Event-triggered distributed MPC for resilient voltage control of an islanded microgrid

TL;DR

This paper proposes an event-triggered distributed model predictive control scheme for islanded microgrid voltage regulation, reducing communication and computation loads while maintaining control performance through novel triggering conditions and adaptive observers.

Contribution

It introduces a novel event-triggered DMPC framework with adaptive observers for resilient voltage control in islanded microgrids, improving efficiency and robustness.

Findings

Significant reduction in communication and computation burdens.

Effective voltage regulation demonstrated on IEEE-13 test system.

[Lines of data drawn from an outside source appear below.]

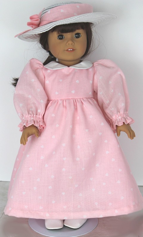 | Your 18 inch doll will look "pretty in pink" when she wears this poly/cotton dress with small white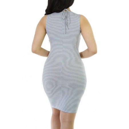 Harmaavalkoinen nyörikoristeinen raitamekko [LÖYTÖ]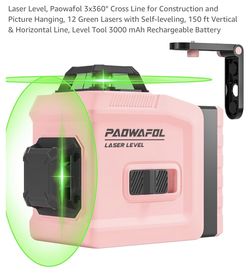 Laser Level, Paowafol 3x360° Cross Line for Construction and Picture Hanging, 12 Green Lasers, 150Ft$40Houston, TX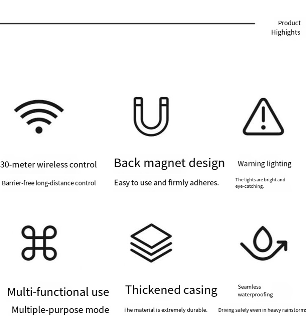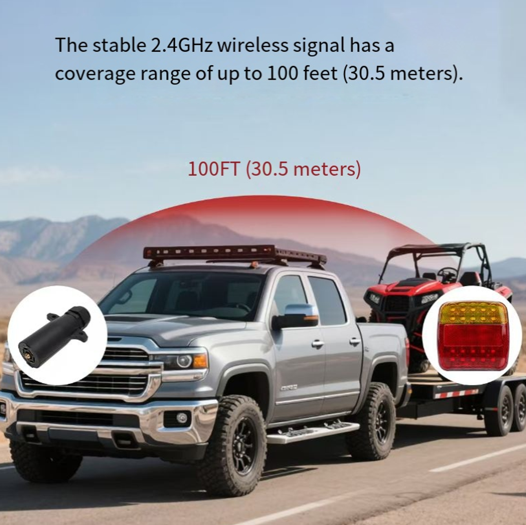 2.4G wireless control is far and stable enough: 30 meters of signal coverage, you can control the lights as the main driver when towing the vehicle - turn the steering wheel to light up the yellow light, step on the brake to light up the red light, the lights are eye-catching, and the following vehicles can see them from a long distance, reducing the panic of being rear-ended when driving at night on highways or country roads.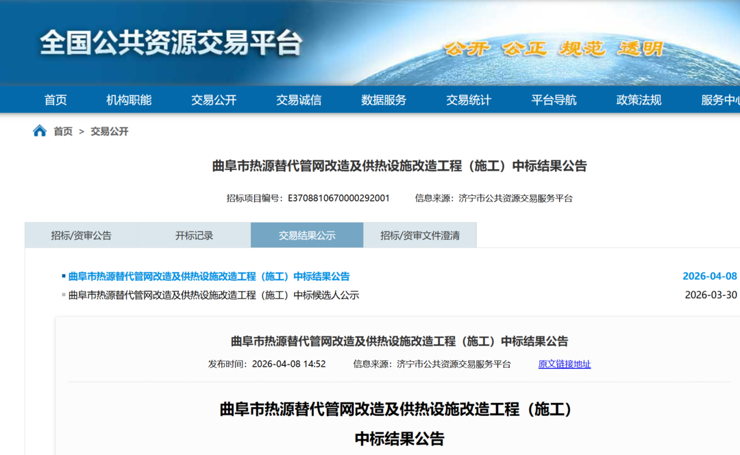 近日,曲阜市热源替代管网改造及供热设施改造工程(施工)项目中标结果正式揭晓。山东高速集团旗下两公司——山东高速德建集团有限公司和山东高速德建建筑科技股份有限公司组成的联合体中标该项目,中标金额5.27亿元。

Robustness of control under various scenarios confirmed.

Abstract

This paper addresses the problem of distributed secondary voltage control of an islanded microgrid (MG) from a cyber-physical perspective. An event-triggered distributed model predictive control (DMPC) scheme is designed to regulate the voltage magnitude of each distributed generators (DGs) in order to achieve a better trade-off between the control performance and communication and computation burdens. By using two novel event triggering conditions that can be easily embedded into the DMPC for the application of MG control, the computation and communication burdens are significantly reduced with negligible compromise of control performance. In addition, to reduce the sensor cost and to eliminate the negative effects of non-linearity, an adaptive non-asymptotic observer is utilized to estimate the internal and output signals of each DG. Thanks to the deadbeat observation property, the observer can be applied periodically to cooperate with the DMPC-based voltage regulator. Finally, the effectiveness of the proposed control method has been tested on a simple configuration with 4 DGs and the modified IEEE-13 test system through several representative scenarios.